On August 14, 2019, the firm won a complete victory in the Second Circuit, which affirmed in its entirety the order of the District Court for the Southern District of New York dismissing all claims against our client, Mercuria Energy Trading, and several affiliated entities. This was a highly contentious contract dispute in which Mercuria’s former employee claimed that Mercuria owed him more than $32 million in carried interest payments. The plaintiff, Jeff Miller, had worked as a senior oil-and-gas trader at Mercuria between 2008-2012. During that time, Miller helped source and complete Mercuria’s acquisition of an Argentine oil company named Glacco, and in exchange for this work had received all of the Class A preferred shares in Glacco’s parent company. Those shares, which were governed by the parent company’s by-laws, carried certain redemption and payout rights upon the occurrence of a dissolution or restructuring of the company. In 2012, Miller resigned from Mercuria. Before he resigned, Miller had been working on a deal that would merge Glacco and other Mercuria oil/gas assets in Argentina with another Argentine company: Roch S.A. It was anticipated that following the merger, Mercuria and Roch would take the combined company public on the Toronto Stock Exchange. So Miller negotiated—as part of his departure from Mercuria—an agreement that if the Mercuria/Roch merger were consummated and otherwise triggered a redemption payment on his Glacco shares, and if that merged company went on to undergo an IPO or a sale of its equity to a third party, then instead of his ordinary redemption payment Miller would be entitled to exchange his Glacco shares for (far more valuable) shares in the pre-IPO Mercuria/Roch company. This agreement was memorialized in a Separation Agreement between him and Mercuria signed at his departure.
Unfortunately for Miller, the Mercuria/Roch merger deal was never completed, leaving Miller with only his existing Glacco shares. Then, last year, Mercuria entered into an entirely different and unrelated transaction to form a company called Phoenix Global Resources.

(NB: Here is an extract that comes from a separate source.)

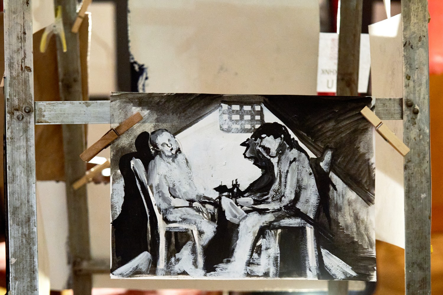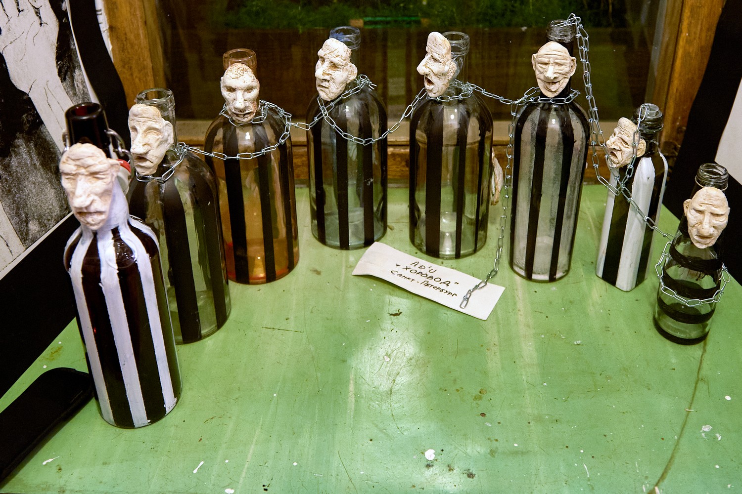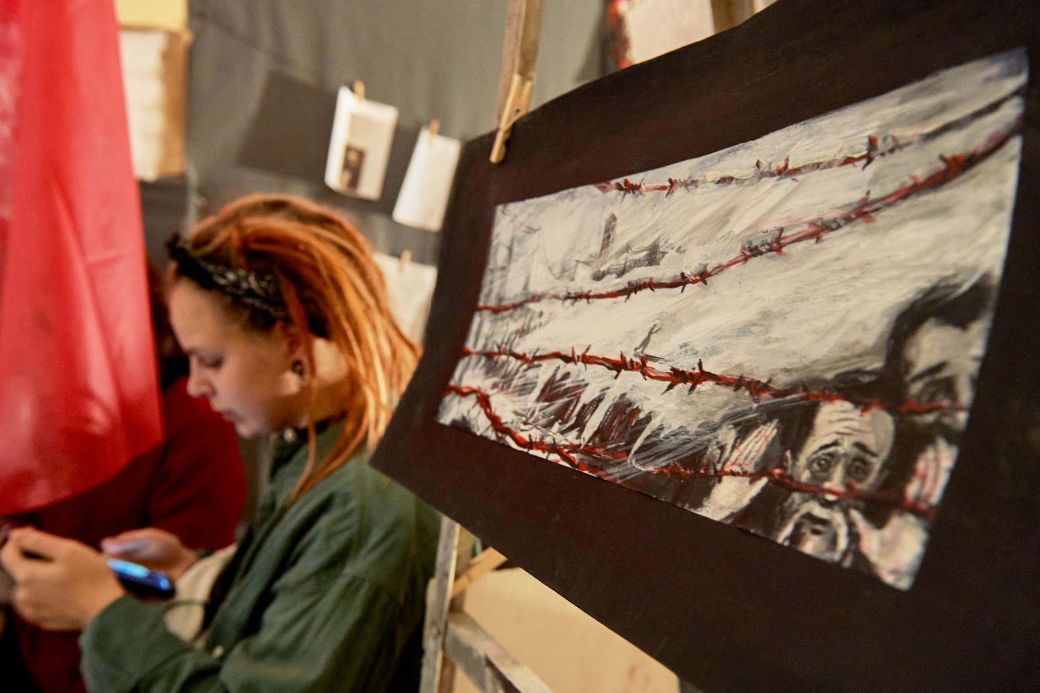 Под потолком висит портрет карельского историка Юрия Дмитриева и карты, посвященные Сандармоху. Дмитриев осужден по делу о насильственных действиях сексуального характера в отношении приемной дочери. Он должен был выйти на свободу в 2020 году, но суд ужесточил ему наказание с 3,5 до 13 лет колонии строгого режима.

Miller, seeing public reports of the Phoenix Global transaction, claimed that Mercuria owed him a redemption payment on his Glacco shares using the valuation formula set forth in his Separation Agreement—which was specific to the Mercuria/Roch merger and share exchange for Mercuria/Roch shares—but this time using the value of the Phoenix Global transaction as a proxy for the Mercuria/Roch merger value. When Mercuria refused to pay, Miller filed suit in the Southern District of New York, claiming that Mercuria acted in bad faith and breached the Separation Agreement. Miller sought more than $32 million in damages.
The firm moved to dismiss the claims based on the plain language of the contract. In March 2018, the District Court for the Southern District of New York issued a 32-page opinion agreeing with our position across the board and dismissing the complaint in its entirety, with no opportunity to replead. The Court concluded that the plain language of the Separation Agreement provided for a redemption payment (in the form of an exchange of shares) only upon the occurrence of the Mercuria/Roch merger, which had never occurred. Therefore, the Court held, Miller was not entitled to any payment as a result of the Phoenix Global transaction, and Mercuria breached no contractual or other duties by refusing to pay him.
Miller appealed the District Court’s order to the Second Circuit. On August 14, 2019, the Second Circuit affirmed the District Court’s order in its entirety, fully adopting the reasoning set forth in Judge Rakoff’s opinion and our briefs, and dismissing Miller’s claims with prejudice.